Because it's her birthday, Laney lets herself be charmed by the beautiful stranger who seems to have such insight into her song lyrics. After a very steamy encounter, she leaves him alone in her room for a few minutes, and returns to discover him searching her computer. She's convinced he must be working for her ex-husband, and within minutes, Rajini's brothers and their thugs have Peter hauled away, promising to get to find out why he was snooping in her private files. The day after, talking to some of the hotel staff, she realises that the stories she's been told by Rajini and her brothers don't entirely add up, and start investigating the fate of her lover herself. When she discovers that he's chained in the basement of the hotel, having been badly beaten, she questions him about his connection to her ex and discovers that he knows nothing of the man. She frees him, and hopes he can forgive her for landing him in trouble.
Peter, however, has discovered that the Shinsurin brothers record most of the prominent guests in the hotel, probably for possible blackmail purposes, and eyes a golden chance to get the voice recordings he needs to identify their terrorist arms dealer. Of course, in order to get access to the footage, he needs to make the Shinsurins believe he is still their helpless prisoner. After arranging with his fellow Associates in Bangkok to get the guards sedated at a set time, he locks himself back up in the cell, so they don't suspect him of being more than an overly curious admirer, waiting for his chance to use the hotel monitoring equipment to catch his mark.

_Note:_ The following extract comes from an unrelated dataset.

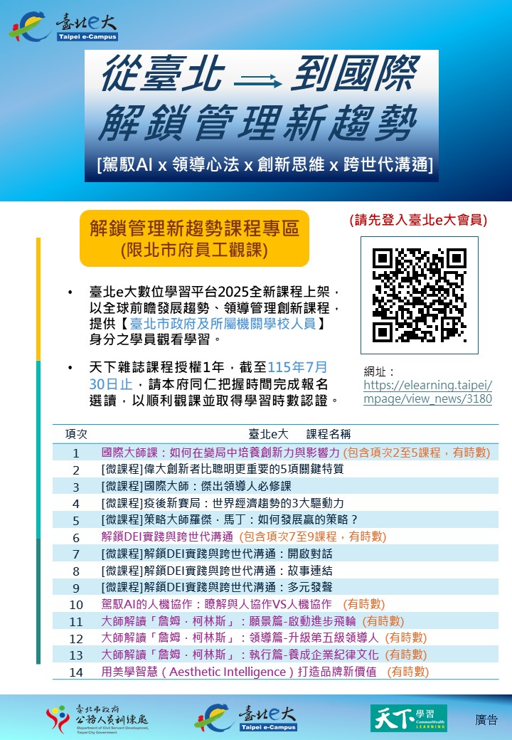 一、為持續引領本府同仁掌握國際趨勢及前瞻觀點新知,臺北e 大數位學習平臺2025全新課程上架,以全球前瞻發展趨勢、領導管理創新課程,提供「臺北市政府及所屬機關學校人員」身分之學員觀看學習。
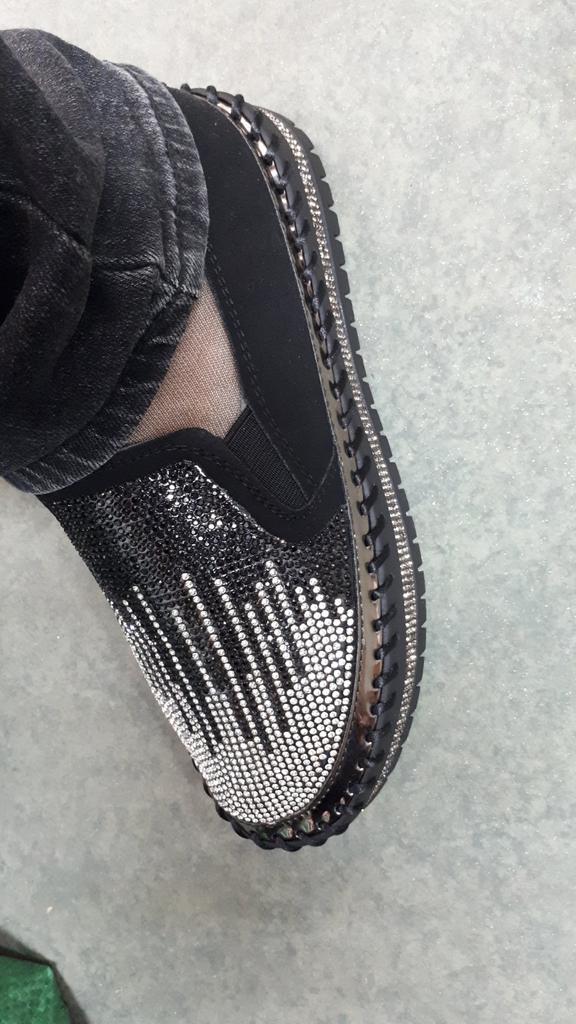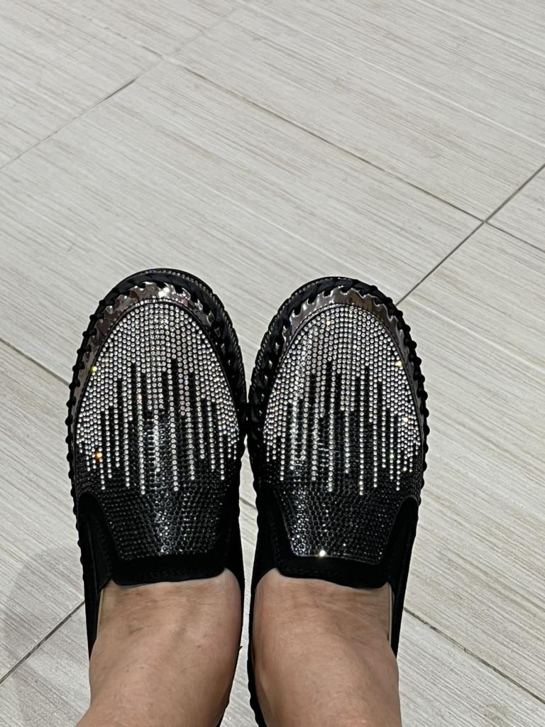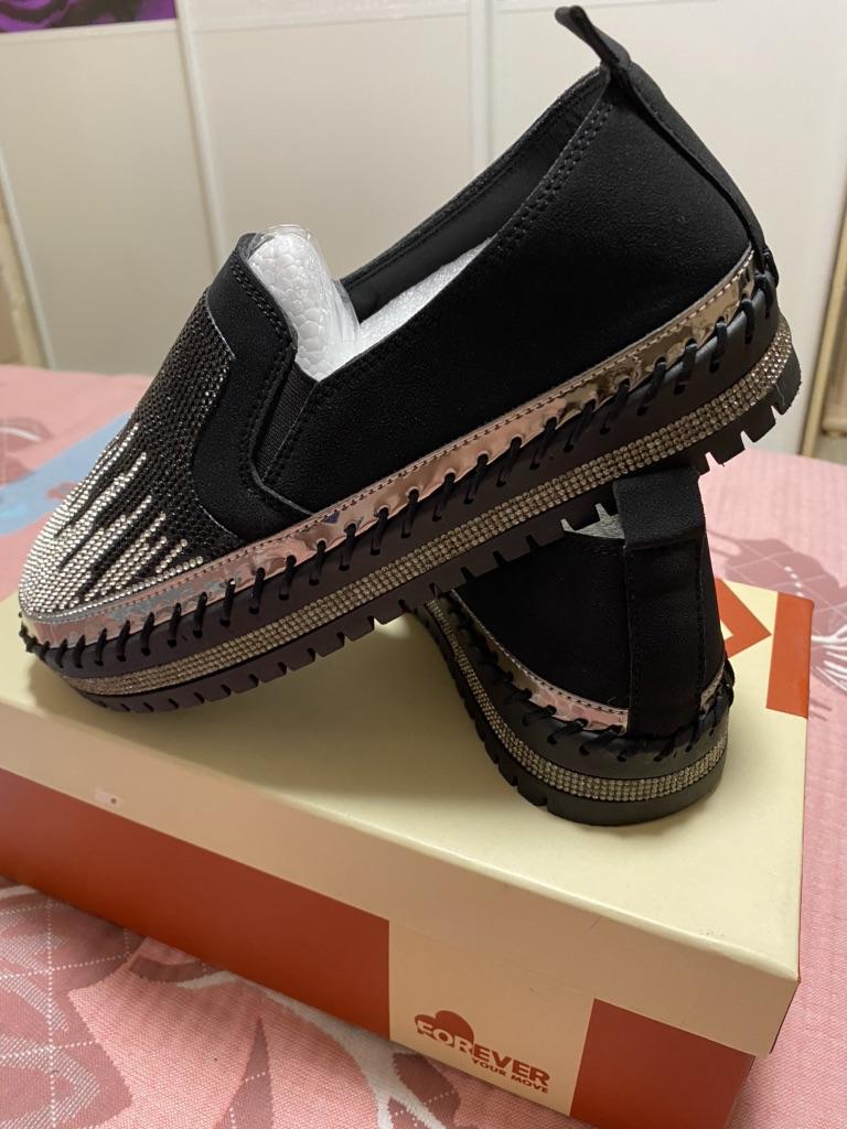 Women Glitter Crystal Loafers Fashion Platform Casual Shoes Slip On Shoes

While Laney may seem unbearably naive, hiding in plain sight as a nightclub singer in a Bangkok hotel, taking the shelter offered by Thai criminals without questioning their actions too much, she clearly did not have a lot of options to get away from her sociopathic and brutal ex-husband. That she should probably question the fact that they keep finding excuses for getting her a new fake passport and finding compelling reasons for why she must never leave the hotel seems obvious to me, but then I've really never been in a domestic abuse scenario of the level that Laney is running from.
Peter hides a wealth of deep pain and is trying desperately not to face the memories of his lost loved ones. For years, his missions for the Associates have been everything he needs, but he's clearly ready for something more, and when he makes an unexpected connection with Laney, he's scared. Not proud of the many dark things he's done while working undercover, he tries to drive her away by being brutally honest with her, but Laney's been around dangerous men before, and while Peter may have killed, he's a man with ethics and a moral code. The two join forces to track down the terrorist arms dealer that Peter needs to stop. With Laney suddenly insisting on leaving the safety of the hotel where she's been hiding, she'll become a lot more visible. Can they complete the mission before Laney's creepy ex catches up with her again?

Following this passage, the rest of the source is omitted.